Отрекшаяся от Великой Мехазмы
01.04.2020 в 00:08
Пишет Эрл Грей:Для многих путешественников Венеция была огромным борделем на открытомURL записи
воздухе, «разгулом плоти», как выразился один из гостей. Даже Боккаччо в
«Декамероне» – книге, не отличающейся утонченностью, – называет этот
город «вместилищем всех пороков». Два века спустя Роджер Аскем сказал,
что видел за девять дней «больше потворства греху, чем слышал о нем в
нашем благородном Лондоне за девять лет». Говорили, что юноша,
посетивший во время Большого путешествия Венецию, привезет с собой в
подарок сифилис, которым наградит будущую жену и детей. В Венеции не
было знаменитых возлюбленных, только знаменитые развратники и куртизанки.
читать дальше
В начале XVII века Томас Кориат насчитал в Венеции двенадцать тысяч
проституток, «многие из которых отличаются таким беспутством, что, как
говорится, открывают свой колчан каждой стреле». Это может показаться
некоторым преувеличением со стороны раздосадованного моралиста, но цифра
не так уж завышена. Веком раньше венецианский историк Марино Санудо
оценил ее в одиннадцать тысяч шестьсот пятьдесят четыре. За сто лет
может случиться многое, особенно в городе, который становился все более
известен распутством и вольнодумством. Цифру, приведенную Санудо,
следует рассматривать в контексте численности населения, в начале XVI
века составлявшей сто тысяч человек. То есть одна из пяти венецианок
была проституткой. Имеются упоминания о том, что венецианцы предпочитали
проституток женам. Одним из объяснений подобного положения дел может
служить большое количество неженатых аристократов. Согласно Моррисону, в
конце XVI века прелюбодеяние «считалось небольшим грехом, который легко
отпускался духовниками».
Святой Николай был одновременно покровителем моряков и проституток,
представителей двух профессий, без которых в Венеции невозможно было
обойтись.
Торговля наслаждением велась в определенных районах. В одном из них,
Кастеллетто, на определенных улицах (всего их было тридцать или сорок)

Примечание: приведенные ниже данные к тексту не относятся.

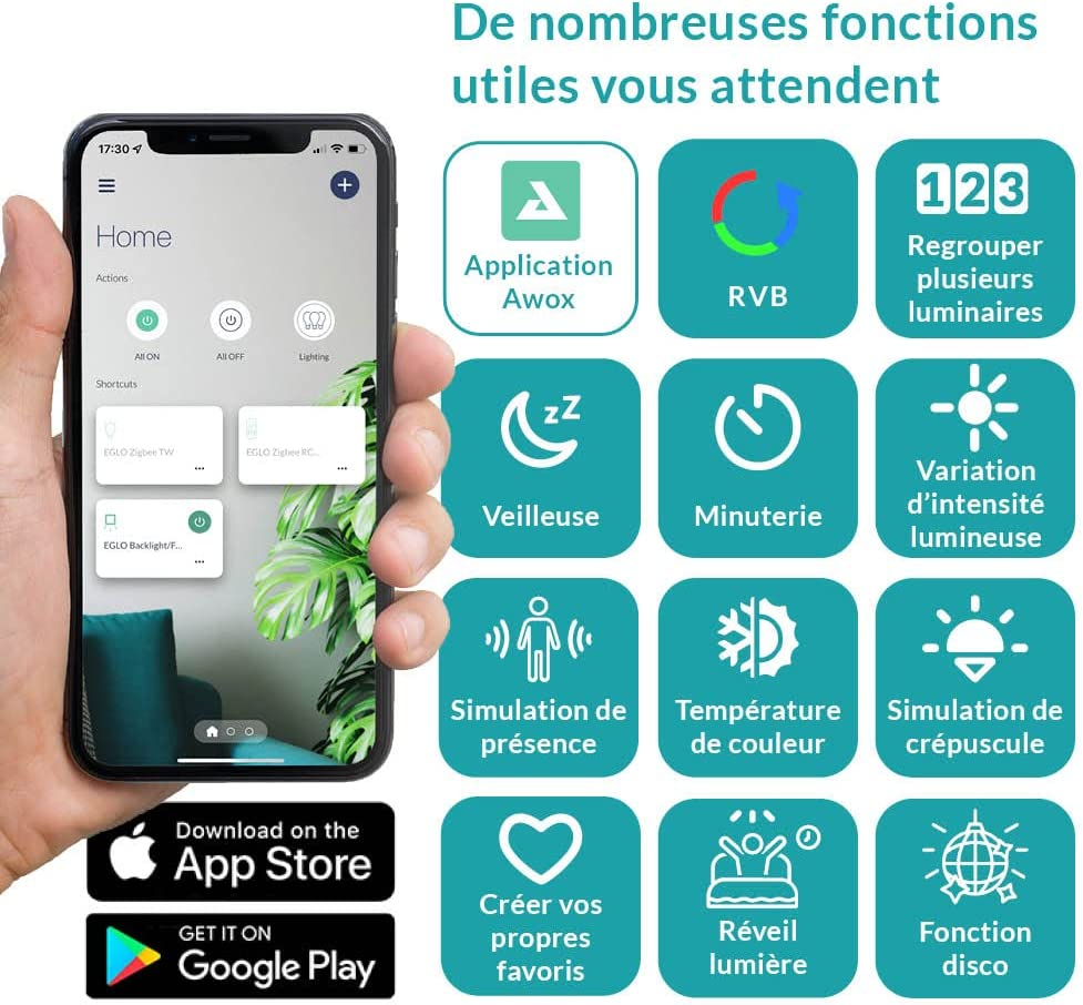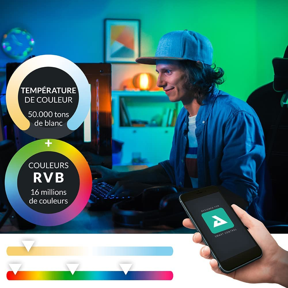 Functii: Control prin aplicatie smartphone, RGB, Modificare tip lumina ( calda, neutra, rece ), Intrerupator pedala

имелись публичные дома. В одном таком доме жили тринадцать проституток.
Главный центр проституции с XV века располагался на /campo
/Сан-Кассиано, известном как Карампане, поблизости от гостиниц и
пансионов Риальто. Площадь Святого Марка использовалась венецианскими
матерями как рынок живого товара. «Любая мать, – пишет французский
путешественник XVII века, – желающая избавиться от дочери, приводит ее
туда, как на рынок… Вы не обязаны покупать кота в мешке, поэтому вы
можете осматривать и ощупывать ее сколько захотите». В воспоминаниях
Казановы есть упоминание о подобной сделке. Он встретил в кофейне мать с
дочерью, и там, разгадав его намерения, мать попросила денег. Ее дочь не
должна потерять невинность, «не получив от этого никакой выгоды».
Казанова предложил за ее девичество десять цехинов, но прежде пожелал
удостовериться, не обманывают ли его. Что в своей неподражаемой манере
вскоре и сделал. Такова расхожая история о жителях Венеции.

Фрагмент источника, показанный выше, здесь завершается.